Helicopters Magazine

Editorial: Laying the Foundation

January 26, 2017  By Matt Nicholls

When Centennial College broke ground on its new aerospace campus at the Downsview Airport in Toronto in late 2016, it marked the culmination of a vision that was years in the making. It also marked a brand new era for the future of aerospace in Ontario.

The $72 million project at the former Downsview air force base will be the new home of Centennial’s aerospace technology programs. Located in one of the nation’s historic aerospace jewels – de Havilland of Canada – the campus will be a site to behold, sporting a sparkling new hangar large enough to accommodate a variety of modern aircraft.

Close to Toronto with easy access to public transportation, the influence of Canadian aerospace leader Bombardier and much more, it’s the perfect location for the development of an academic and industry hub of aerospace excellence.

Centennial currently trains some 300 aircraft technicians and avionics technicians annually at its Ashtonbee Campus in Scarborough. When the campus opens its doors in 2018, the new space will serve as a dynamic centre of innovation and research and development excellence, bringing industry and academia together to devise cutting-edge products, technologies and solutions.

Academic partners and industry leaders including the University of Toronto Institute for Aerospace Studies (UTIAS), Ryerson University, York University and Bombardier will anchor the Downsview Aerospace Innovation and Research (DAIR) cluster. The DAIR consortium also includes industry players such as Honeywell, SAFRAN, United Technologies, Flight Safety International and MDA.


“If we’re going to punch above our weight, we’re going to have to innovate,” noted Ontario Premier Kathleen Wynne at the groundbreaking event. “It will incubate and grow well-paying professionally rewarding jobs.”

Wynne’s remarks are precisely what the Canadian aerospace industry – and operators of all types – must consider in order to remain competitive. The benefits of the DAIR project – and aviation and aerospace initiatives nationwide that unite academia and industry to create new aviation products, processes and services – are critical to Canada’s future success.

The economic ramifications in maintaining a strong aerospace footprint are significant. According to “The State of the Aerospace Industry: 2016 Report” released last year by the Aerospace Industries of Canada (AIAC) in concert with Innovation, Science and Economic Development Canada, the Canadian aerospace industry in 2015 contributed more than $28 billion to the GDP and generated some 211,000 jobs in the Canadian economy. Yet innovation can only occur through the development of a pipeline of talented, dynamic young leaders. Filling that talent gap in all facets of aviation remains a critical challenge for industry going forward.
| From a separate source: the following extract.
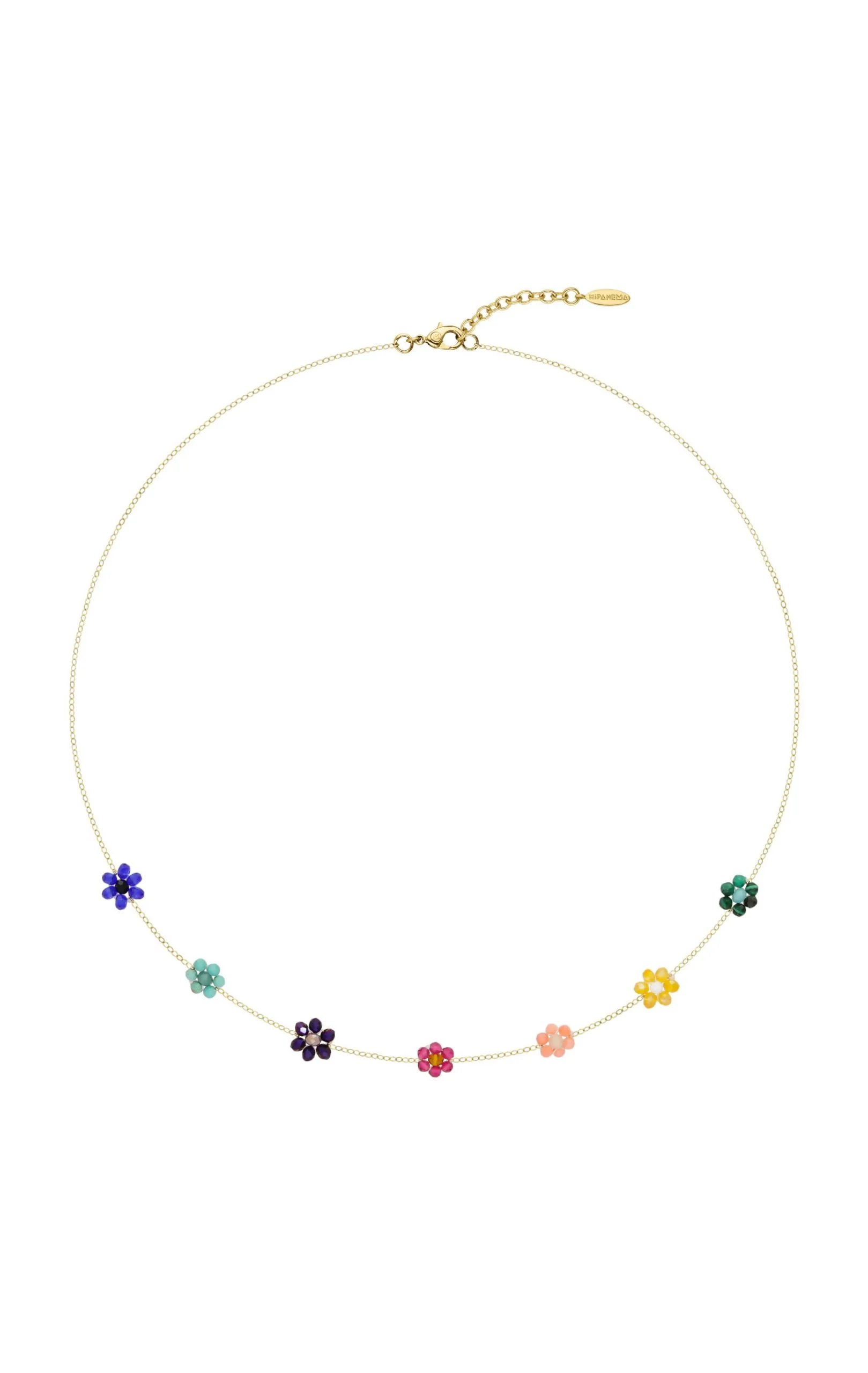 Collier ras de cou fait à la main monté sur une chaîne forçat dorée à l’or fin 18 carats, sur laquelle a été brodée sept petites fleurs multicolores, dans une élégante alternance de couleurs vert effet malachite, jaune, rose clair, fuchsia, violet et bleu effet saphir. L’allié des beaux jours pour un été sous le signe du Flower Power.
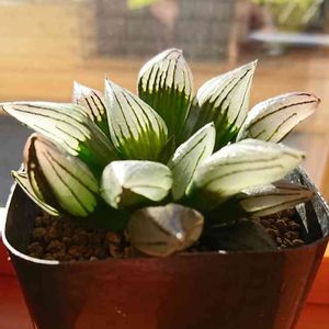 こんにちは😀風が少し強いですが快晴☀の空が広がっています。気温の変化が凄いことになっていて昨夜は地震もあったし色々な事が心配になります。 ハオルチア98号の🌵アトロフスカミュータント🌵レンズをとおすと綺麗に見えますが実物はいじけています💦 多肉3年生になりました😆学ばない人なので成長がなくまだ初心者です💦

Working to ignite the passions of future aviators and aerospace professionals is the goal of Wings and Helicopters annual Careers in Aviation Expos – grass roots initiatives to help maintain a strong pipeline of aviation and aerospace talent. These events give young adults a chance to rub shoulders with industry leaders to learn more about the state of the industry, career options and future trends. Educational presentations, networking opportunities, tours of aviation and aerospace work sites – it’s an invaluable opportunity to learn from professionals in the know.
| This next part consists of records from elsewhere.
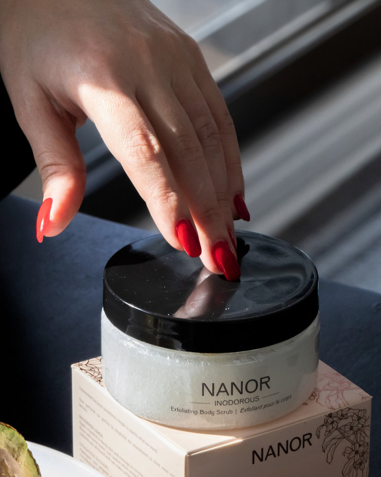 Heather O., Nanor Collection Customer"WOW! This scrub smells so sexy. Leaves my skin super soft and clean. Love this body scrub so much"
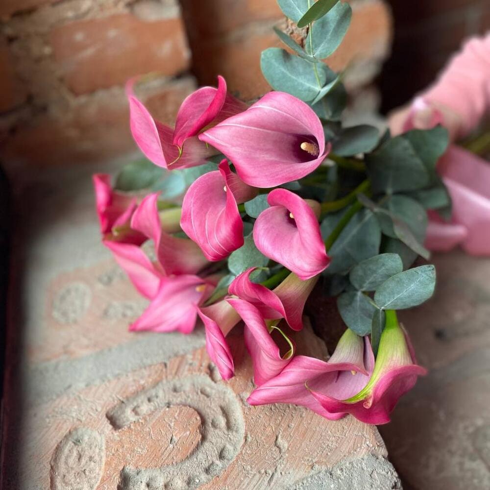 Букет из 15 розовых калл с эвкалиптом “Морион”
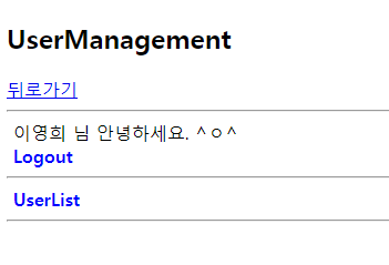 2. UserManagement.jsp에 ㅁㅁㅁ님 안녕하세요. 문구 추가

This year’s events – Saturday, April 22 at the Jazz Aviation hangar at Toronto’s Pearson International Airport and Saturday, May 6 at the Westjet Campus in Calgary – showcase dynamic companies, flight schools and educational institutions doing their best to lay the foundation for industry growth. Find at more at www.careersinaviation.ca/expo/.
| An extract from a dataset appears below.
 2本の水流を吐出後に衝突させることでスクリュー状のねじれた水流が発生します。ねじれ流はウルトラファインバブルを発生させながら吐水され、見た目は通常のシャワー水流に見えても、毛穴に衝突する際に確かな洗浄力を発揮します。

Careers in Aviation and Aerospace 2017 in this issue is a tool that does precisely the same thing. It serves to help ignite the passions of young aviation and aerospace professionals, setting them on the right path for future success.

As industry partners, we can all “punch above our weight” and help in the process of educating the next generation of aviation and aerospace leaders. Challenging economic realities notwithstanding, innovation and an eye to the future remain paramount; the future success of our industry depends on it.